*** Extracted records ***

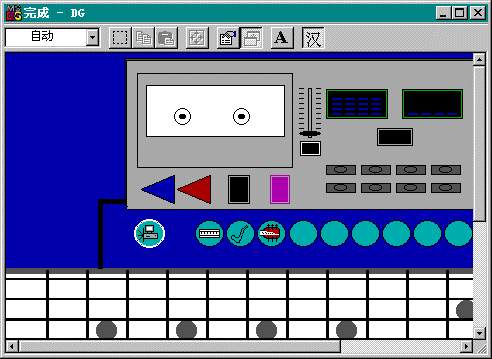 选好音色、音符时值,点击“录音机”的Rec键,既可以一口气用鼠标弹奏完,也可以按Step键不慌不忙地一个音一个音的弹奏直到完成,接着就可以按Play键播放刚才自编自弹的曲子了。若觉满意可以按Sav键储存,文件名后加GTR扩展名。
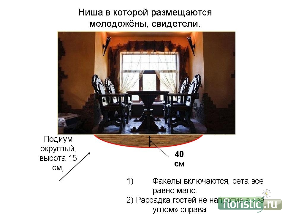 Архитектура сложновата для классического оформления, но её тяжесть нужно облегчить гирляндами из цветов и зелени,я бы закрыла окно в нише с молодаженами шелком и растянула над ними цветочную гирлянду,цветочные украшения должны быть "легкими".если мало света,то надо включить в композиции свечи,это еще и романтики придаст.я работала в подобном интерьере,но к сожалению сохранились только фото новогоднего оформления
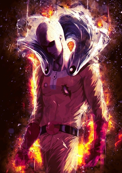 "Saitama jednoho ranaře" poster od Syarif syarif. Saitama z One Punch Man se tu předvádí v plné parádě – klidný, ale nebezpečný, s výrazem, který říká „jo, zvládnu to jedním úderem“. Oheň kolem něj a dynamické světlo dávají celé scéně pořádnou dávku energie a napětí. Je to jako vidět hrdinu, který je tak silný, že už ani nemusí bojovat, a přesto je připravený. Perfektní kousek pro fanoušky anime a manga, co mají rádi pořádnou dávku stylu a síly.
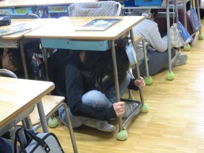 教員が教室にいないという設定で行いましたが、サイレンが鳴るとみんな一斉に机の下に入り、頭を守る姿勢をとっていました。
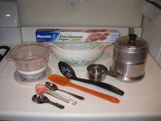 • 3 tazones (grande, mediano y pequeño) • Baño María, olla o recipiente grande para microondas • Medición de la taza y la escala • Espátula de goma • Cuchara ranurada • Cuchara • Medición de tazas • Cuchara para medir • Cucharada de galleta o las manos • Papel de cera

*** End of Extracted records ***

» Task description
Please transcribe word for word the lines from the one bearing "stylu a síly." through the last line of the records above, omitting the pictures.

» Reply
 "Saitama jednoho ranaře" poster od Syarif syarif. Saitama z One Punch Man se tu předvádí v plné parádě – klidný, ale nebezpečný, s výrazem, který říká „jo, zvládnu to jedním úderem“. Oheň kolem něj a dynamické světlo dávají celé scéně pořádnou dávku energie a napětí. Je to jako vidět hrdinu, který je tak silný, že už ani nemusí bojovat, a přesto je připravený. Perfektní kousek pro fanoušky anime a manga, co mají rádi pořádnou dávku stylu a síly.
 教員が教室にいないという設定で行いましたが、サイレンが鳴るとみんな一斉に机の下に入り、頭を守る姿勢をとっていました。
 • 3 tazones (grande, mediano y pequeño) • Baño María, olla o recipiente grande para microondas • Medición de la taza y la escala • Espátula de goma • Cuchara ranurada • Cuchara • Medición de tazas • Cuchara para medir • Cucharada de galleta o las manos • Papel de cera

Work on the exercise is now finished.